Les illusionnistes au pouvoir
WASHINGTON | On ne sait pas où on s’en va!
C’est le problème avec les «faits alternatifs», ces alternative facts que la conseillère du président américain, Kellyanne Conway, évoquait pour expliquer comment la Maison-blanche pouvait voir la plus grande foule de l’histoire à l’investiture de Donald Trump, alors que c’était faux : avec les «faits alternatifs», on voit ce qu’on veut quand on le veut.
Demain et vendredi, à son complexe de Mar-o-lago en Floride, la Southern White House comme il se plaît à l’appeler, le président Trump va recevoir le président chinois Xi Jinping.
Les relations entre les États-unis et la Chine sont les plus importantes sur la planète tout entière. Les deux premières puissances économiques ont développé des échanges commerciaux complexes, tendus même. Et pourtant, les deux géants ont besoin l’un de l’autre.
Le président Xi est un homme austère.
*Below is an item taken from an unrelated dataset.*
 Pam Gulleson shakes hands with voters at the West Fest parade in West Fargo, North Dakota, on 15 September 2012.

Il a une sorte d’éternel sourire brumeux sur le visage et se tient toujours droit dans son habit foncé. Pas de grand éclat, pas de surprise : tout ce qu’il dit publiquement a été longuement réfléchi auparavant. Le président Trump est tout l’inverse. Sauf pour le sourire brumeux : Donald préfère la face de boeuf.
ON VIT DANS LE FLOU
Imprévisible et provocateur, le président américain s’est déjà laissé aller : «Finis les déficits commerciaux massifs avec les Chinois et les pertes d’emplois!». Ça, c’est le volet économique. Pour ce qui est de la sécurité régionale, il a résumé ses intentions en quelques mots au Financial Times : «Si la Chine ne règle pas le cas de la Corée du Nord, les États-unis vont s’en charger.»
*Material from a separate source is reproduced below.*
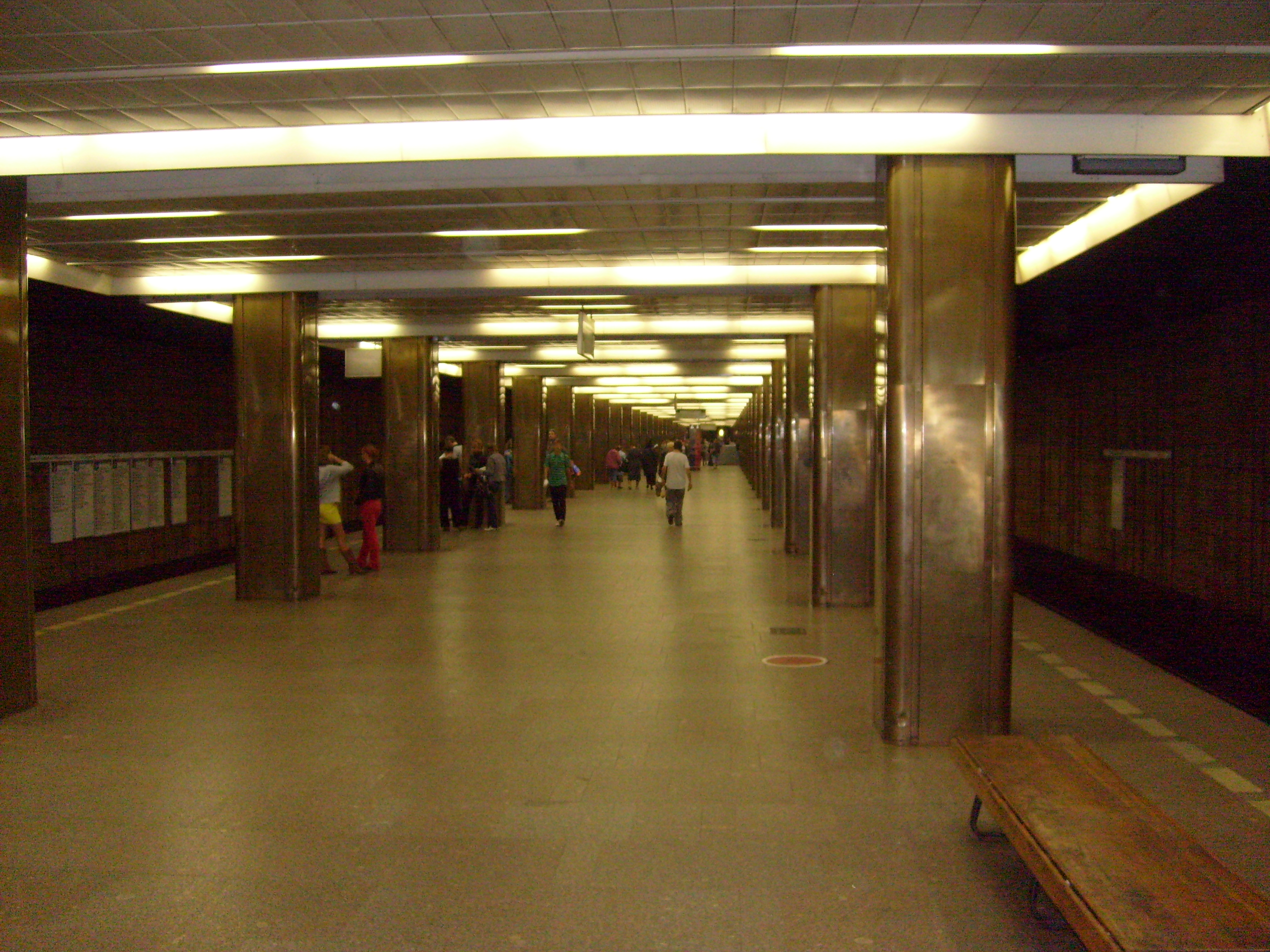 Metro station "Prazhskaya" in Moscow

Le problème, c’est qu’on ne mène pas une politique étrangère en fanfaron, surtout pas avec les Chinois qui sont sur un élan économique et mili- taire. Les tensions à l’intérieur de la Maison-blanche et la personnalité du président font en sorte qu’on ne sait pas trop ce qu’attend le gouvernement américain de ce face-à-face avec le dirigeant chinois et ce qu’il sera capable d’obtenir. La Syrie est un autre cas de trompel’oeil. En campagne présidentielle, Donald Trump avait vulgairement promis de réduire à rien les combattants de l’état islamique (Bomb the shit out of ISIS!). Ce qu’on n’avait pas vu venir, c’est que son gouvernement allait, en fait, se laver les mains du sort des Syriens eux-mêmes.
ENTRE L’HORREUR ET LE DÉTACHEMENT
Le secrétaire d’état, Rex Tillerson, puis le porte-parole du président, Sean Spicer, ont répété mot à mot à quelques jours d’intervalle la même réponse à la question : «Bachar al-assad est-il le président légitime de la Syrie», après six années de massacre de son propre peuple? «Il faut accepter la réalité politique, les faits sur le terrain.» Bref, comme le répètent les Russes depuis le début, Assad est là pour rester.
Ce qui donne l’ahurissant communiqué émis hier par la Maison-blanche après le massacre à l’arme chimique de civils innocents dans la province d’idlib, en Syrie. «Cette attaque chimique est déplorable (…) et ne peut pas être ignorée. Les actions haineuses du régime de Bachar al-assad sont la conséquence de la faiblesse et de l’indécision du gouvernement précédent (celui d’obama).»
Assad est un salaud, mais le coupable, c’est Obama. Les faits – l’attaque chimique, les morts, les enfants étouffés – n’y changeront rien. On ne voit vraiment que ce que l’on veut voir.
Les relations entre les États-unis et la Chine sont les plus importantes sur la planète tout entière.